TASK REQUIREMENTS — The reply is to be the lines from the one with "3) Depress brake" through the last line of the records below, each retyped exactly, with pictures left out.

WORKING DATA: Begin

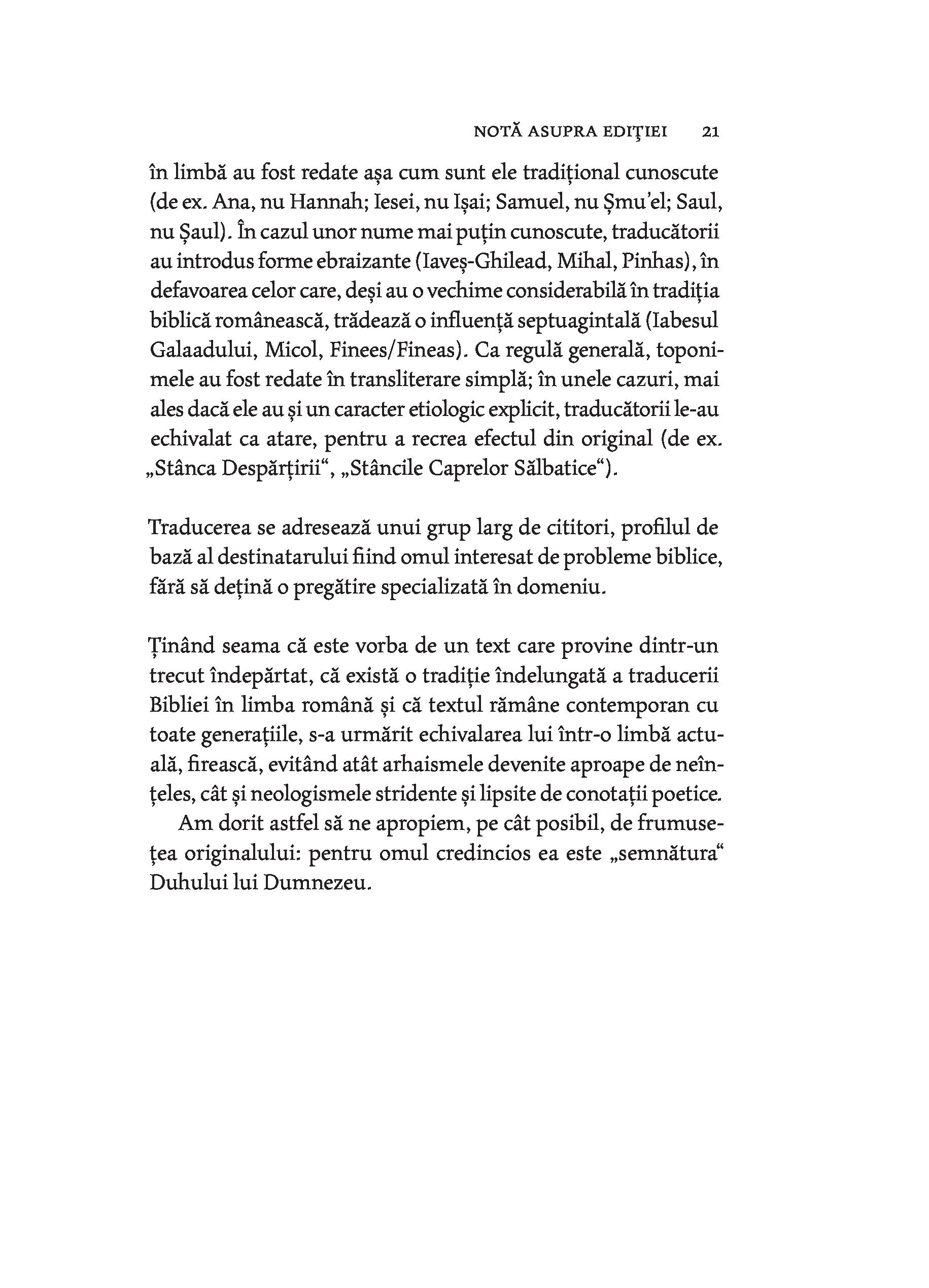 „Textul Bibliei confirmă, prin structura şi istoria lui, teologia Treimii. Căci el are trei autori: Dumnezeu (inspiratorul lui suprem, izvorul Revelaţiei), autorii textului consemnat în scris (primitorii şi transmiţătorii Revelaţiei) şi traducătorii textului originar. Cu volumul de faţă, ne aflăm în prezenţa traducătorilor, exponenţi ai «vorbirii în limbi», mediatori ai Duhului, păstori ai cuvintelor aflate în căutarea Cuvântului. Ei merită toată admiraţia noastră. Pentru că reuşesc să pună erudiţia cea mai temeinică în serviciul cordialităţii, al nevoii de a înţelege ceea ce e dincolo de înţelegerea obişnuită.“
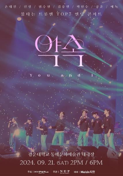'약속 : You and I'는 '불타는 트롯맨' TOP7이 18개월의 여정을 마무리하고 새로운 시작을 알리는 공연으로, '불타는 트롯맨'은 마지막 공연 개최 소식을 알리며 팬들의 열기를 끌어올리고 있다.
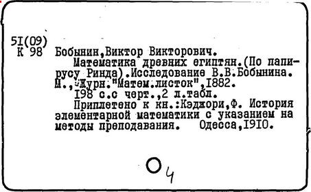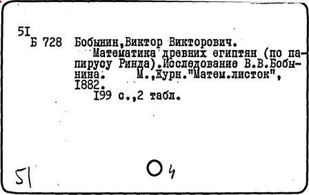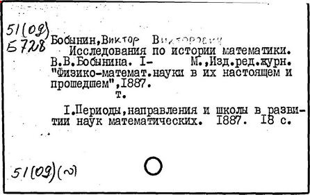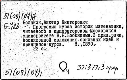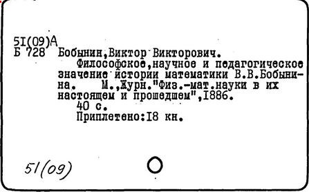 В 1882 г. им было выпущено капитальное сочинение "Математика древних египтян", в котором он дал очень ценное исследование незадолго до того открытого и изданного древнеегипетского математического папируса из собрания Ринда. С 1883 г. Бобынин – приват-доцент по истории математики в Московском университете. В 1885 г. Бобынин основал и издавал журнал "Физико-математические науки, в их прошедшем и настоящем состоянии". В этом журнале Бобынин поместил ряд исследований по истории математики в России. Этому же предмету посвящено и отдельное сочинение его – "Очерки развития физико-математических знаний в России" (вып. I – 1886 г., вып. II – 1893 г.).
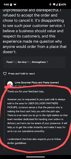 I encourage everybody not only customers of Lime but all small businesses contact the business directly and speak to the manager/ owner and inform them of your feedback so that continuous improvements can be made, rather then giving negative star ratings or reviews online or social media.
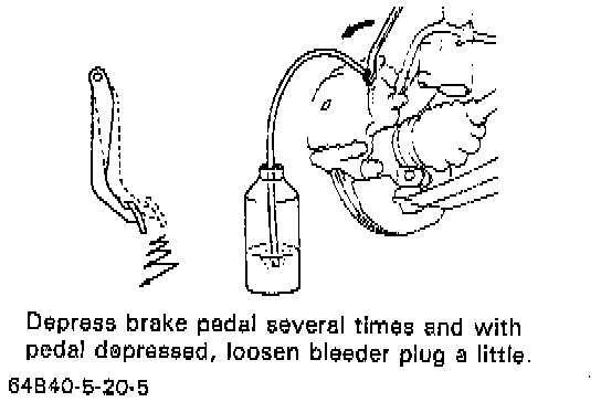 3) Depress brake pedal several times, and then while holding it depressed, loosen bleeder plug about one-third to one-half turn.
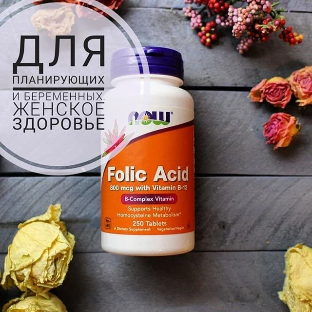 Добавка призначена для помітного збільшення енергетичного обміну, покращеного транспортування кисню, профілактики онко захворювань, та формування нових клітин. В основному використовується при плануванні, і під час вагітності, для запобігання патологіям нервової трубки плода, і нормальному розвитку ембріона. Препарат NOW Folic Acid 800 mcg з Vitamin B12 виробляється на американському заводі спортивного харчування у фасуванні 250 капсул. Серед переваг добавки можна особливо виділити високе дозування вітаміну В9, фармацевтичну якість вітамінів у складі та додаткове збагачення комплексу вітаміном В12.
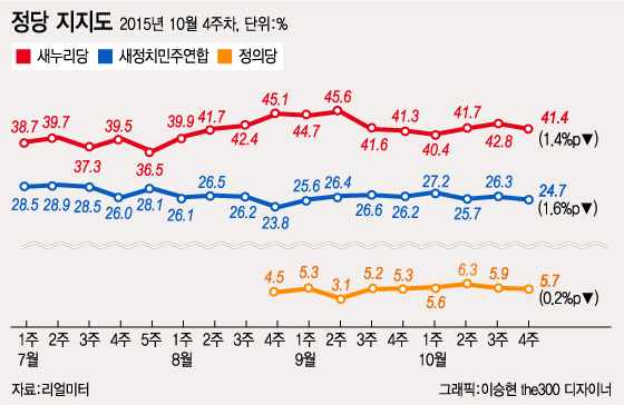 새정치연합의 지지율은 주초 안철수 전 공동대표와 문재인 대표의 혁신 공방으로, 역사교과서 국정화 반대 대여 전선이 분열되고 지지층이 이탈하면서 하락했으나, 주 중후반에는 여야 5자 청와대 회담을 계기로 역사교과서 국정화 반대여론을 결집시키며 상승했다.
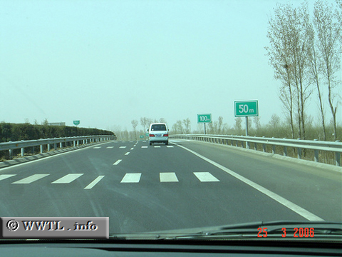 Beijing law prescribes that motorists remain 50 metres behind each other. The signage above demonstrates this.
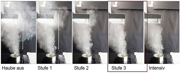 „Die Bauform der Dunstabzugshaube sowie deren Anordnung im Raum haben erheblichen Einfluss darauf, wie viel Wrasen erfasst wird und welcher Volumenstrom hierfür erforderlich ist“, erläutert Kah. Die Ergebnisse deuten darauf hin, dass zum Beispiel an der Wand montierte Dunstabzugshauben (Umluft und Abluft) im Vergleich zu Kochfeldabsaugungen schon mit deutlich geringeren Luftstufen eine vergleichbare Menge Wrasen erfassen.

WORKING DATA: End

REPLY —
 3) Depress brake pedal several times, and then while holding it depressed, loosen bleeder plug about one-third to one-half turn.
 Добавка призначена для помітного збільшення енергетичного обміну, покращеного транспортування кисню, профілактики онко захворювань, та формування нових клітин. В основному використовується при плануванні, і під час вагітності, для запобігання патологіям нервової трубки плода, і нормальному розвитку ембріона. Препарат NOW Folic Acid 800 mcg з Vitamin B12 виробляється на американському заводі спортивного харчування у фасуванні 250 капсул. Серед переваг добавки можна особливо виділити високе дозування вітаміну В9, фармацевтичну якість вітамінів у складі та додаткове збагачення комплексу вітаміном В12.
 새정치연합의 지지율은 주초 안철수 전 공동대표와 문재인 대표의 혁신 공방으로, 역사교과서 국정화 반대 대여 전선이 분열되고 지지층이 이탈하면서 하락했으나, 주 중후반에는 여야 5자 청와대 회담을 계기로 역사교과서 국정화 반대여론을 결집시키며 상승했다.
 Beijing law prescribes that motorists remain 50 metres behind each other. The signage above demonstrates this.
 „Die Bauform der Dunstabzugshaube sowie deren Anordnung im Raum haben erheblichen Einfluss darauf, wie viel Wrasen erfasst wird und welcher Volumenstrom hierfür erforderlich ist“, erläutert Kah. Die Ergebnisse deuten darauf hin, dass zum Beispiel an der Wand montierte Dunstabzugshauben (Umluft und Abluft) im Vergleich zu Kochfeldabsaugungen schon mit deutlich geringeren Luftstufen eine vergleichbare Menge Wrasen erfassen.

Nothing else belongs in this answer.